Be(come) a Decent Typist

I don’t want to wade too deep into the holy war of the importance of typing for a programmer, but I’ll say this. A person talks somewhere around 150 words per minute in casual conversation. The average person types below 40 words per minute. Unless you have some limiting physical disability, you should be able to get up above a sixty-word-per-minute typing speed with practice. When I say “limiting,” I have nine fingers, only six of which are fully functional. I type above sixty words per minute, asterisk.

The asterisk here is sustained versus peak typing speed. When people talk about how fast they can type, they’re usually referring to their score on a one-minute typing test. Just like sprinting is faster than jogging, you’ll type slower when typing actually non-stop for an hour or more straight. My sustained transcribing pace is between 40 and 45 words per minute, which also accounts for play/pause and rewind.

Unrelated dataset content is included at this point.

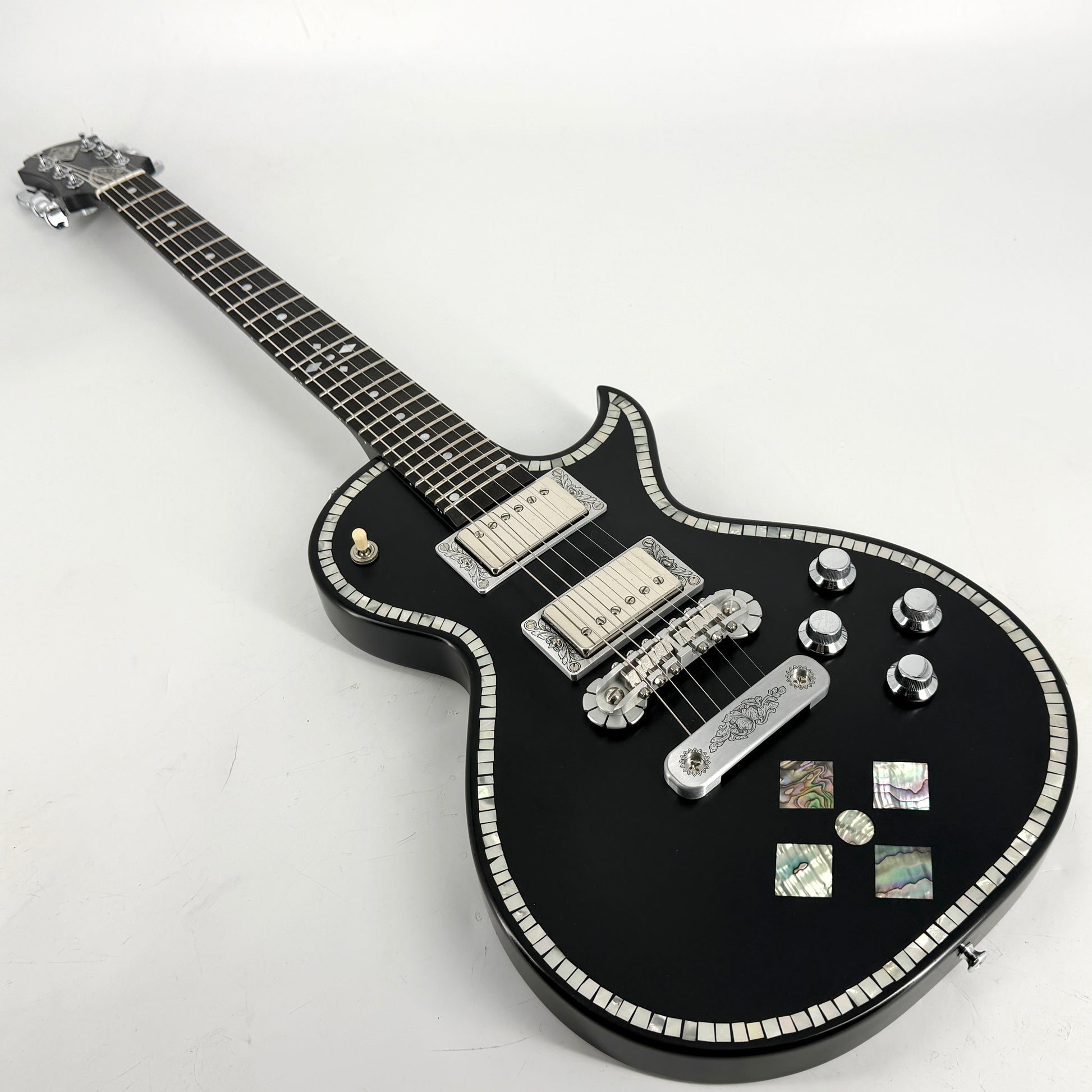 This particular model is adorned with the tiles of Mother of Pearl that were hand cut and placed by the master luthiers at the Zemaitis Japanese factory for a perfect fit. It has engraved hardware including the tailpiece, truss rod cover, logo, jack plate, back plates and pickup rings. Other features include a Mahogany body and chunk profile neck, Ebony fingerboard with 12” radius and Schaller M6 tuners. Satin nitrocellulose lacquer finish and DiMarzio Custom PAF DP103 pickups. The custom Zemaitis bridge and tailpiece are not only great looking, but highly functional and add tone and sustain!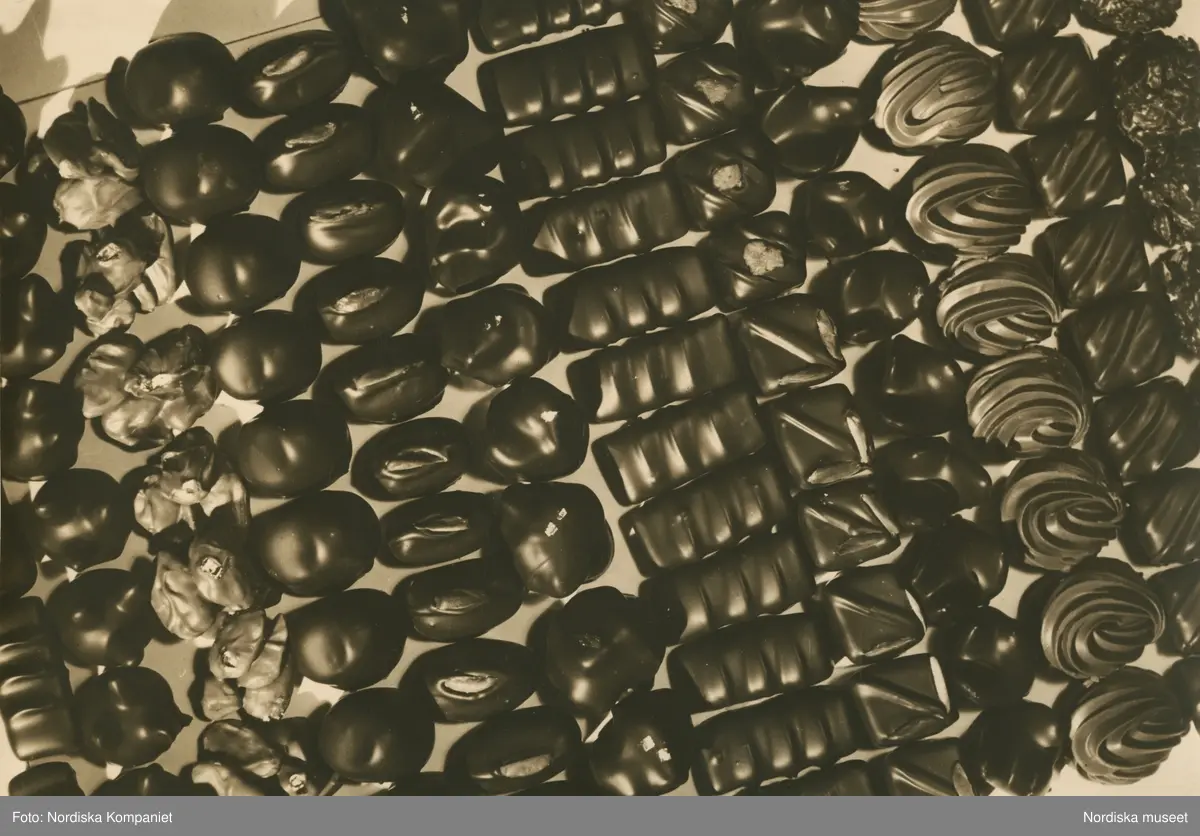 Chokladbitar. Stämpel på baksidan: "Fotograf Erik Holmén, tel 13219, Regeringsg. 80. Stockholm". Med blyerts: "AMF".

Even an extremely fast typist won’t be able to keep up with an average speaker. That’s not the point. Per the earlier discussion of play/pause, increasing your sustained typing rate by N-percent will result in a greater-than-N-percent increase in your transcription speed because you’ll need to play, pause, and rewind less often.

Consider Ergonomics

I shelled out 220 of my hard-earned dollars for a Kinesis Gaming Freestyle Edge RGB Keyboard for general writing purposes last year. It is split in half, with the halves positionable up to 20 inches apart, and tilted up to about a 20 degree angle. The difference in typing experience when transcribing is monumental. I typed over 9,000 words in a single day on that keyboard without any pain, whereas days before I’d experienced pain typing 4,000 words on my laptop keyboard. Use a keyboard that’s comfortable for you. Taking breaks is also important, I stopped for 5 minutes at the end of every hour. Ergonomics are not my hill to die on, but whatever efforts you make for normal desk work should be strongly applied here.